Work to complete – Give back all of the data verbatim.

Data excerpts:
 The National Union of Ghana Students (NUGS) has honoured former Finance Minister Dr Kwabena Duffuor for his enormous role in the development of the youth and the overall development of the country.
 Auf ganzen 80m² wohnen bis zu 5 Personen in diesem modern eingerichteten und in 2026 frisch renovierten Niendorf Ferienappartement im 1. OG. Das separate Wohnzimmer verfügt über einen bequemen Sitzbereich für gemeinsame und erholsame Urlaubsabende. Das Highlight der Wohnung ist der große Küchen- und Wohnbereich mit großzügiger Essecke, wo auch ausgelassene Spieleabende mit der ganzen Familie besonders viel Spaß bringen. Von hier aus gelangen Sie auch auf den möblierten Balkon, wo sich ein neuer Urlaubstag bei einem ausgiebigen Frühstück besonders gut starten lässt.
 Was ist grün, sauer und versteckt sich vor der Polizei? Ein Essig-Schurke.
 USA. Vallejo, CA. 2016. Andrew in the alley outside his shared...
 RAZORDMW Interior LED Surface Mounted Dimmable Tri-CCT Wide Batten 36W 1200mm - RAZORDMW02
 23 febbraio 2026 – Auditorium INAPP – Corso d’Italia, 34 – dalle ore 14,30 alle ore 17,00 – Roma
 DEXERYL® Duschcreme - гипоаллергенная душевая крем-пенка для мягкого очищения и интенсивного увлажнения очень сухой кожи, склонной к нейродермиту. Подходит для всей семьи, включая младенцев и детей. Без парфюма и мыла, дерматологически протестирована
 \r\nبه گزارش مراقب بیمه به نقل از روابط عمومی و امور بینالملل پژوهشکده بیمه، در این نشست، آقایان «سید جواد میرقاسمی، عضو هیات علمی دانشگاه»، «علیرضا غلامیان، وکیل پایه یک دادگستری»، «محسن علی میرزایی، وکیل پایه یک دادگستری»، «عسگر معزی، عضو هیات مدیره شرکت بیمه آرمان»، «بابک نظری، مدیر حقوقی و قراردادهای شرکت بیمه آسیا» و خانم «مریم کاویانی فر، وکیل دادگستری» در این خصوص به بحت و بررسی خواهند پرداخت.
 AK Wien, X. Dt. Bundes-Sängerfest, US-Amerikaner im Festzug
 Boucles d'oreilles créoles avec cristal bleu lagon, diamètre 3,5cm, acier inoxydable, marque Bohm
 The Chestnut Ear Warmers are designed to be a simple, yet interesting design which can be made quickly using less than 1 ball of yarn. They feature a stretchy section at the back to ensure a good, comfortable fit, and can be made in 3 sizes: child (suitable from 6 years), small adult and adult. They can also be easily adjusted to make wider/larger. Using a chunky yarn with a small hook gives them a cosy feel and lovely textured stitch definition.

Completed task –
 The National Union of Ghana Students (NUGS) has honoured former Finance Minister Dr Kwabena Duffuor for his enormous role in the development of the youth and the overall development of the country.
 Auf ganzen 80m² wohnen bis zu 5 Personen in diesem modern eingerichteten und in 2026 frisch renovierten Niendorf Ferienappartement im 1. OG. Das separate Wohnzimmer verfügt über einen bequemen Sitzbereich für gemeinsame und erholsame Urlaubsabende. Das Highlight der Wohnung ist der große Küchen- und Wohnbereich mit großzügiger Essecke, wo auch ausgelassene Spieleabende mit der ganzen Familie besonders viel Spaß bringen. Von hier aus gelangen Sie auch auf den möblierten Balkon, wo sich ein neuer Urlaubstag bei einem ausgiebigen Frühstück besonders gut starten lässt.
 Was ist grün, sauer und versteckt sich vor der Polizei? Ein Essig-Schurke.
 USA. Vallejo, CA. 2016. Andrew in the alley outside his shared...
 RAZORDMW Interior LED Surface Mounted Dimmable Tri-CCT Wide Batten 36W 1200mm - RAZORDMW02
 23 febbraio 2026 – Auditorium INAPP – Corso d’Italia, 34 – dalle ore 14,30 alle ore 17,00 – Roma
 DEXERYL® Duschcreme - гипоаллергенная душевая крем-пенка для мягкого очищения и интенсивного увлажнения очень сухой кожи, склонной к нейродермиту. Подходит для всей семьи, включая младенцев и детей. Без парфюма и мыла, дерматологически протестирована
 \r\nبه گزارش مراقب بیمه به نقل از روابط عمومی و امور بینالملل پژوهشکده بیمه، در این نشست، آقایان «سید جواد میرقاسمی، عضو هیات علمی دانشگاه»، «علیرضا غلامیان، وکیل پایه یک دادگستری»، «محسن علی میرزایی، وکیل پایه یک دادگستری»، «عسگر معزی، عضو هیات مدیره شرکت بیمه آرمان»، «بابک نظری، مدیر حقوقی و قراردادهای شرکت بیمه آسیا» و خانم «مریم کاویانی فر، وکیل دادگستری» در این خصوص به بحت و بررسی خواهند پرداخت.
 AK Wien, X. Dt. Bundes-Sängerfest, US-Amerikaner im Festzug
 Boucles d'oreilles créoles avec cristal bleu lagon, diamètre 3,5cm, acier inoxydable, marque Bohm
 The Chestnut Ear Warmers are designed to be a simple, yet interesting design which can be made quickly using less than 1 ball of yarn. They feature a stretchy section at the back to ensure a good, comfortable fit, and can be made in 3 sizes: child (suitable from 6 years), small adult and adult. They can also be easily adjusted to make wider/larger. Using a chunky yarn with a small hook gives them a cosy feel and lovely textured stitch definition.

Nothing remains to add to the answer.